Angle-Aware Coverage with Camera Rotational Motion Control
Zhiyuan Lu, Muhammad Hanif, Takumi Shimizu, Takeshi Hatanaka
TL;DR
This work tackles high-quality 3D map reconstruction via UAVs by extending angle-aware coverage to jointly control drone motion and camera orientation. It introduces a 5D observation framework, a Gaussian performance function, and an objective decay constraint, solved with a QP-based controller that enforces a control-barrier-like condition on the rate of improvement. To meet real-time demands, the authors implement JAX with JIT compilation and GPU acceleration, validating the approach through ROS simulations and demonstrating improved coverage over prior angle-fixed methods. The findings highlight substantial practical impact for efficient multi-robot view planning in SfM pipelines, with future work focusing on hardware experiments and reconstruction accuracy assessments.
Abstract
This paper presents a novel control strategy for drone networks to improve the quality of 3D structures reconstructed from aerial images by drones. Unlike the existing coverage control strategies for this purpose, our proposed approach simultaneously controls both the camera orientation and drone translational motion, enabling more comprehensive perspectives and enhancing the map's overall quality.
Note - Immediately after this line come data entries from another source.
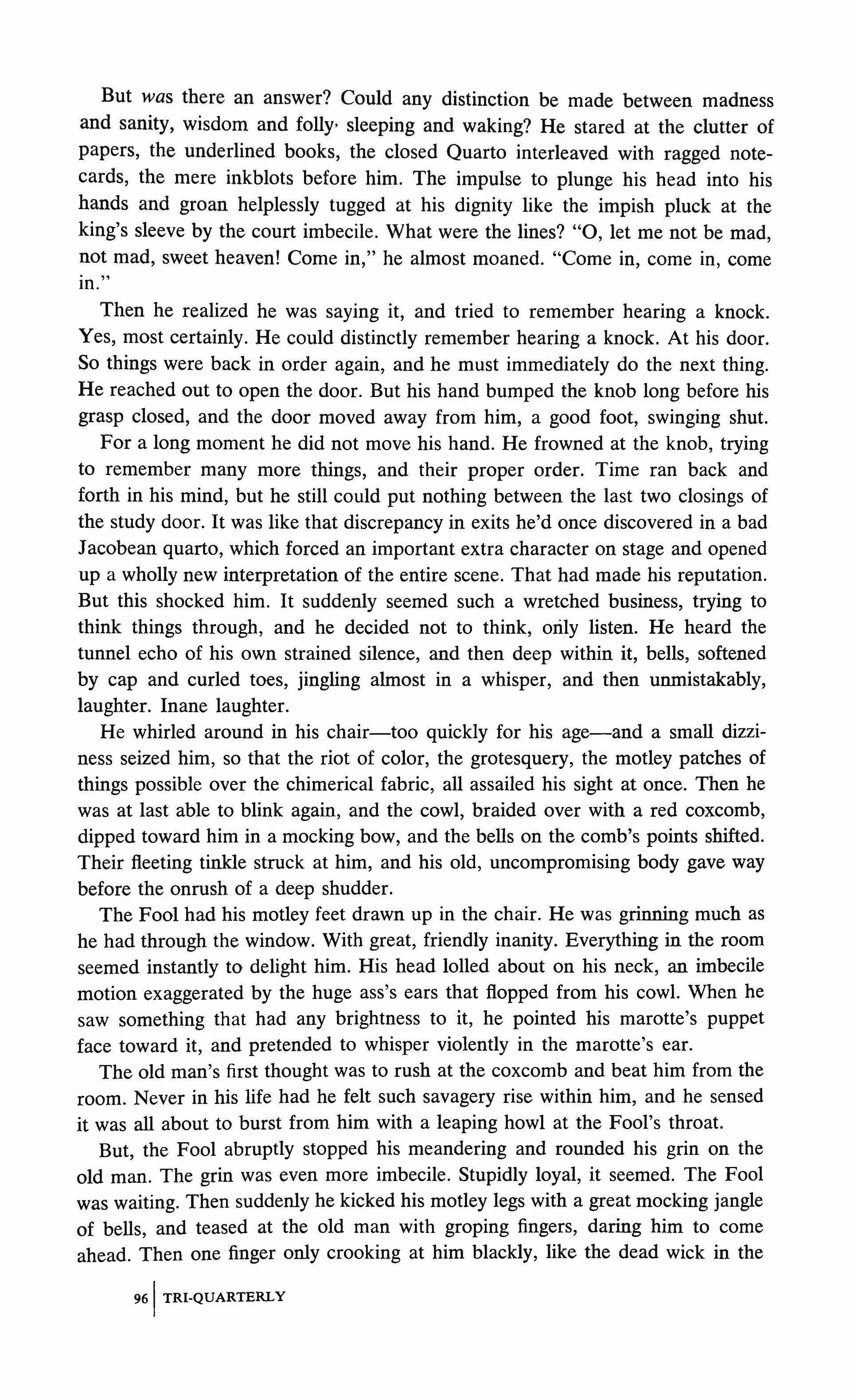 There are three kings in Solus Rex, and one, named Kr, rules as the result of a long court intrigue to do away with the depraved Prince Adolf, whose father, the previous ruler King Gafon, suffered from "quiet madness." There is no indication as to what happened to King Gafon, nor as to whether Adolf (or, in the first portion, Adulf) actually ascended the throne; we know only, from a reference to "poor Adolf" in the second portion, that the prince was not murdered, but escaped into exile instead. The king who is most fully described in Solus Rex is Kr, but it is obviously Prince (or King) Adulf who corresponds most closely to Charles the Beloved, "the self-banished king" of Zembla. And this similarity between Adulf and Charles leads to consideration of a most interesting and likely possibility about King Charles the Beloved's accounts of Zembla and Zemblan history.
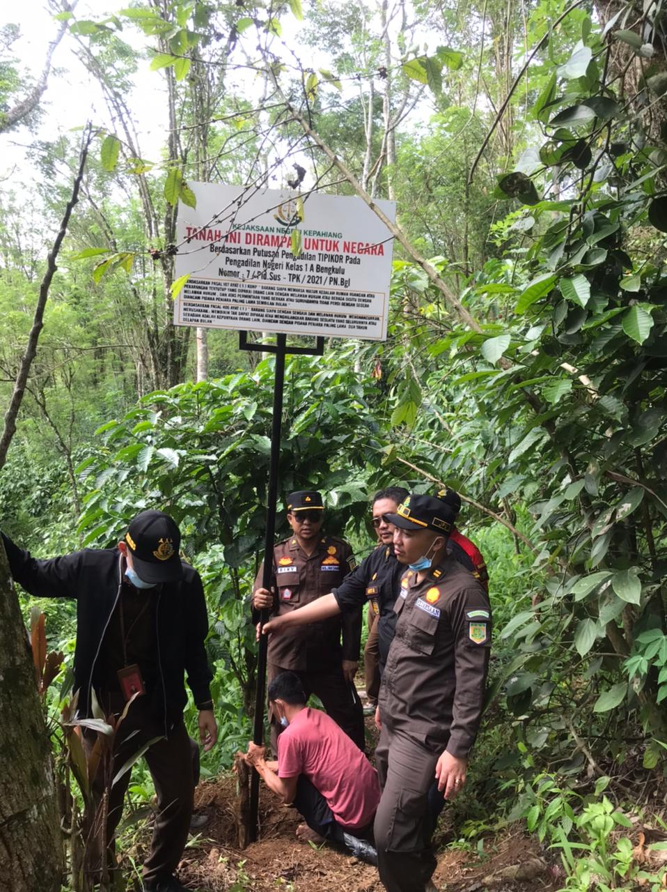 Bengkulu, Siberindo.co – Tim Jaksa Eksekutor Kejaksaan Negeri Kepahiang melaksanakan eksekusi perampasan tiga bidang tanah milik terpidana AR mantan anggota DPRD Kepahiang terkait dugaan kasus Tipikor pengadaan lahan kantor Camat Tebat Karai oleh Bagian Pemerintahan Umum Setdakab Kepahiang TA 2015, Kamis (24/05/2021).
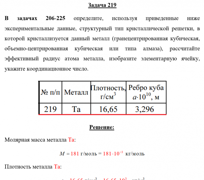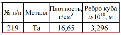 Задача 219 - определите, используя приведенные ниже экспериментальные данные, структурный тип кристаллической решетки, в которой кристаллизуется данный металл (гранецентрированная кубическая, объемно-центрированная кубическая или типа алмаза), рассчи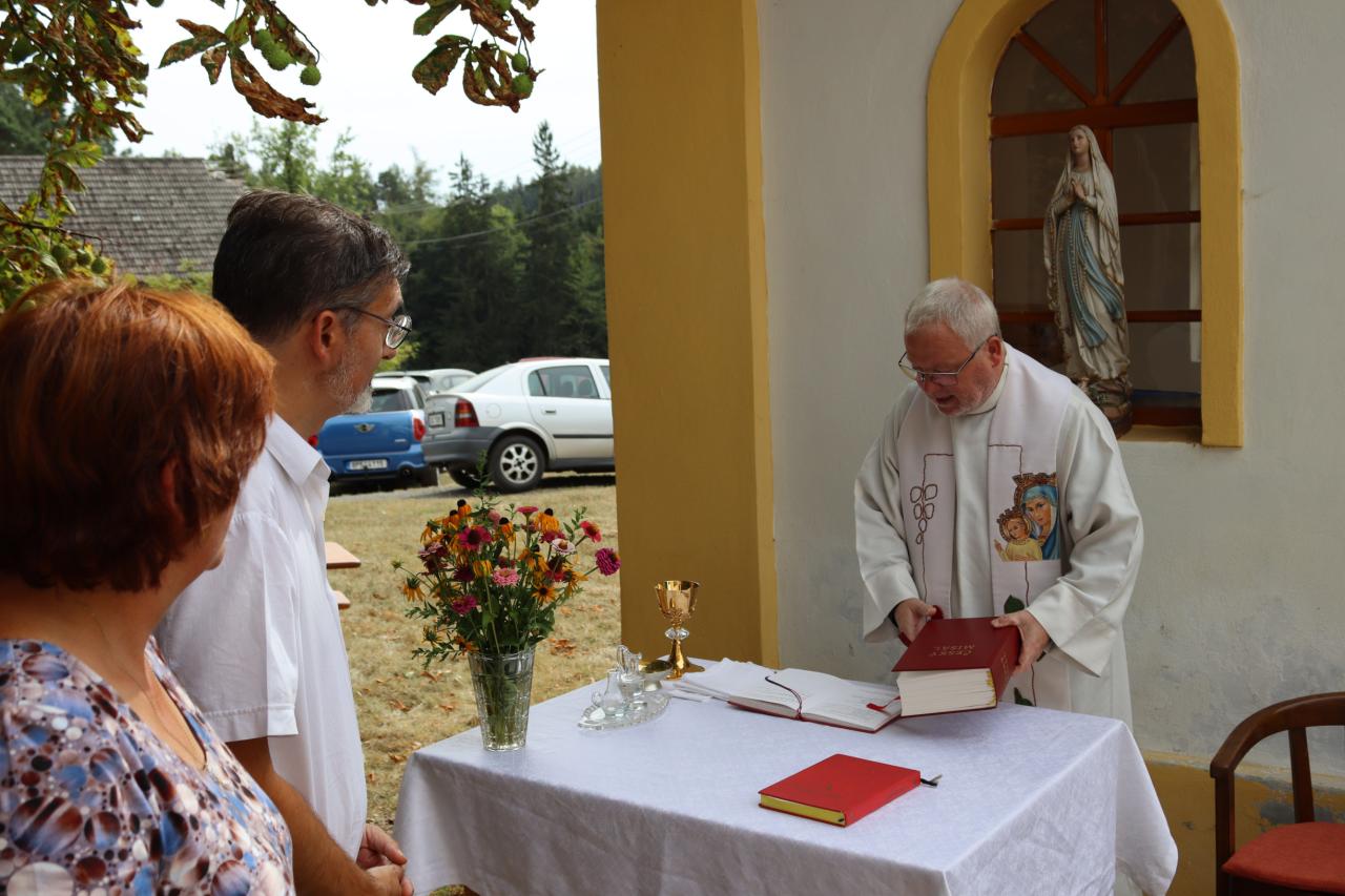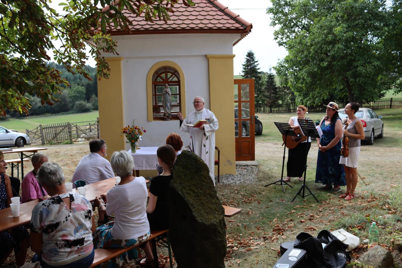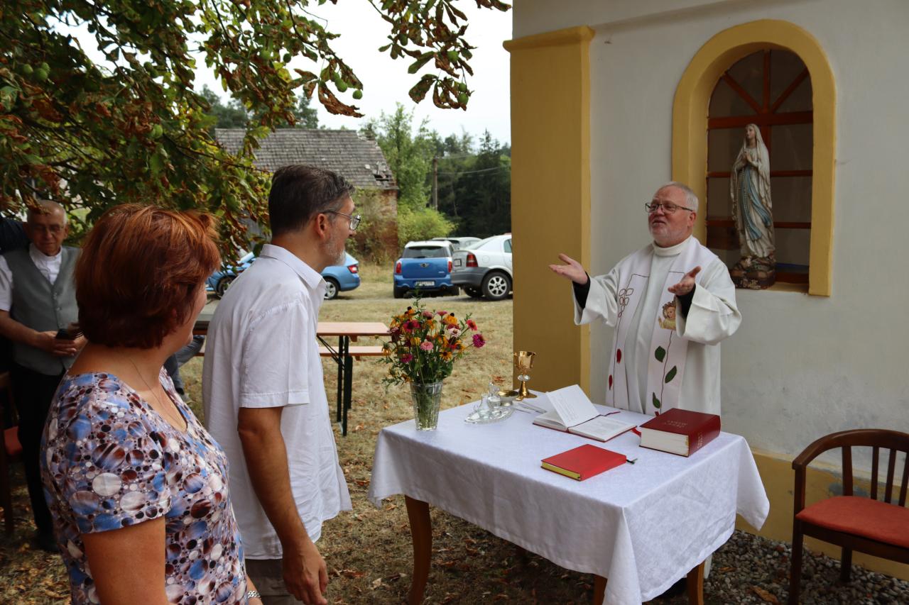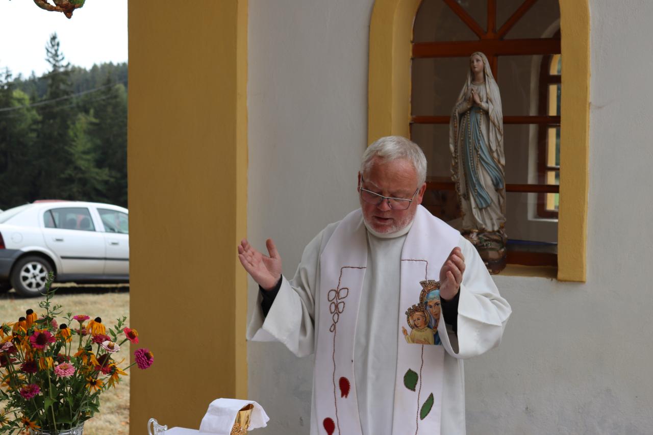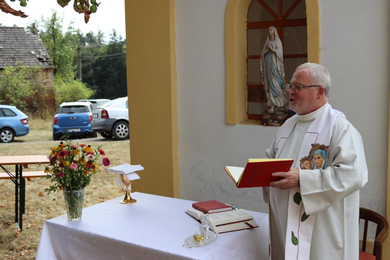 V neděli 8.9. 2024 od 14.00 hod. se uskutečníla za krásného počasí pouťní mše u kaple Panny Marie na Erazimu. Mši svatou vedl P. ThLic. Miroslaw Gierga a vznešenost této akce dokreslila i přítomnost Mons. Emila Soukupa.

Subsequently, we present a novel problem formulation, including a new performance function to evaluate the drone positions and camera orientations. We then design a QP-based controller with a control barrier-like function for a constraint on the decay rate of the objective function. The present problem formulation poses a new challenge, requiring significantly greater computational efforts than the case involving only translational motion control. We approach this issue technologically, namely by introducing JAX, utilizing just-in-time (JIT) compilation and Graphical Processing Unit (GPU) acceleration. We finally conduct extensive verifications through simulation in ROS (Robot Operating System) and show the real-time feasibility of the controller and the superiority of the present controller to the conventional method.